Angela is like, “Alright, weirdo,” before giving him Will’s pills. She’s hoping Wade will have his ex test them and figure out what they are. Wade is reluctant because, you know, SHE’S HIS EX, but Angela makes it clear that she doesn’t want this run through the precinct’s lab. Wade catches on that this might have something to do with Judd’s death, so she pulls out the Ku Klux Klan robe and informs Wade that she found it in Judd’s closet, before asking him to hang on to it for her.
“You reckon he was Kalvary?” Wade asks.
“You reckon he was?” Angela asks back.
“Looks like we have a reckoning.”
Angela then suits up as Sister Night and takes the duffle bag with Will’s wheelchair parts to a bridge to throw it off and into a passing garbage truck. It is on that bridge where Sister Night spies another costumed character — one that she doesn’t recognize: a tall skinny guy in a silver bodysuit who takes off running when she notices him. Sister Night gives chase, but before she can catch him, he takes out two squirt bottles of … something … douses himself with it and then slides into a sewer grate.
Sister Night heads to the precinct where she runs into Senator Keene. He thanks her for saving his life before remembering that he’s not supposed to know who she is. (But come the fuck on.) He apologizes for ruining the funeral and she advises him to not get kidnapped next time.
Sister Night checks in with Red Scare and Pirate Jenny to see if they know anything about this silver lube dude, but they point out that if he’s not a Seventh Kalvary member, the new boss probably won’t give a shit. The new boss being, obviously, Laurie.
In Judd’s office, Laurie informs Angela that they dusted her minivan for prints and fascinatingly, besides the kids’ fingerprints and her own, they also pulled up the fingerprints of one William Reeves: a cop who lived in New York City in the 40s and 50s before retiring and falling off the grid altogether. This also means that a William Reeve would be around 100 years old, and you know how centenarians often get around? WHEELCHAIRS.

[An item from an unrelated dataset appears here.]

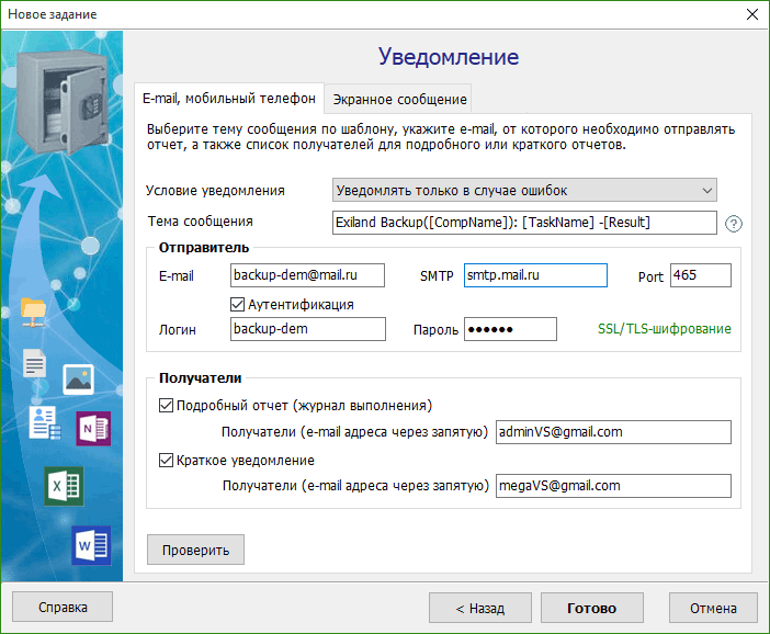 - Уведомление о результатах резервного копирования на E-mail, на экран или в журнал событий Windows в случае ошибок/предупреждений, либо в любом случае. Предусмотрен полный и краткий вид отчета.

And that’s when Agent Petey interrupts with some information: they have a lead on Angela’s minivan: it involves the Millenium Clock.
On the drive there, Laurie explains that it could be a coincidence that Angela’s minivan disappeared the night Judd was murdered and reappeared the night of his funeral, or it could be, as her ex would call it, a “thermodynamic miracle.” When Angela wryly notes that her ex “sounds fun,” Laurie concedes that he’s no Cal, before adding that she saw Cal earlier in the day. Nice guy! And she learned that Angela and Cal met in Vietnam. Does Angela still have family there?
Angela, irritated, explains that her parents died when she was very young, and Laurie is all, “Well that explains the whole mask thing: people who wear masks are hiding their pain. Often they are driven by trauma, obsessed with justice because of an injustice suffered when they were a kid. So what’s the deal with the whole nun thing? Did nuns kill her parents? Was she raised by nuns?”
Laurie insists there’s no judgment: she used to dress up and chase bad guys, too. So Angela is all, “Oh yeah? What’s your trauma?” So Laurie instructs Petey to tell her. And he does: Her parents were both in the Minutemen, you know like the TV show. Silk Spectre, The Comedian, The Comedian tried to rape her mother, yadda.
They arrive at the Millennium Clock where they meet an engineer working on some sort of large drone — a drone with a 100-kilometer range, and large enough to carry away a minivan. When Laurie asks for a list of people who know how to fly the drones, they are approached by Bian, Lady Trieu’s daughter, with an invitation to meet her mother. But only Laurie and Sister Night.
On the way to Lady Trieu’s vivarium, Bian explains that the Millennium Clock, unlike other “wonders of the world,” is designed to withstand natural disasters: it will be the first wonder of the new world.
And what does it do? It tells time.
The ladies are introduced to Lady Trieu in her humid vivarium, (which is not a euphemism) and she apologizes for the dampness — they have to get it just right for the plants. On her deathbed, her mother made her promise to never leave Vietnam, so the vivarium is her loophole around that: she brought Vietnam here. And what a small world! Sister Night, she’s from Vietnam, too!
Anyhoooooo, they are here about the weird thing with the car and they’d like the list of everyone who can fly those weird drone thingys. Lady Trieu happily obliges, before sharing with Sister Night an old Vietnamese expression: “Your grandfather wants to know if you got the pills?” And Sister Night responds with another old Vietnamese expression: “Tell that old fucker he can ask me himself.”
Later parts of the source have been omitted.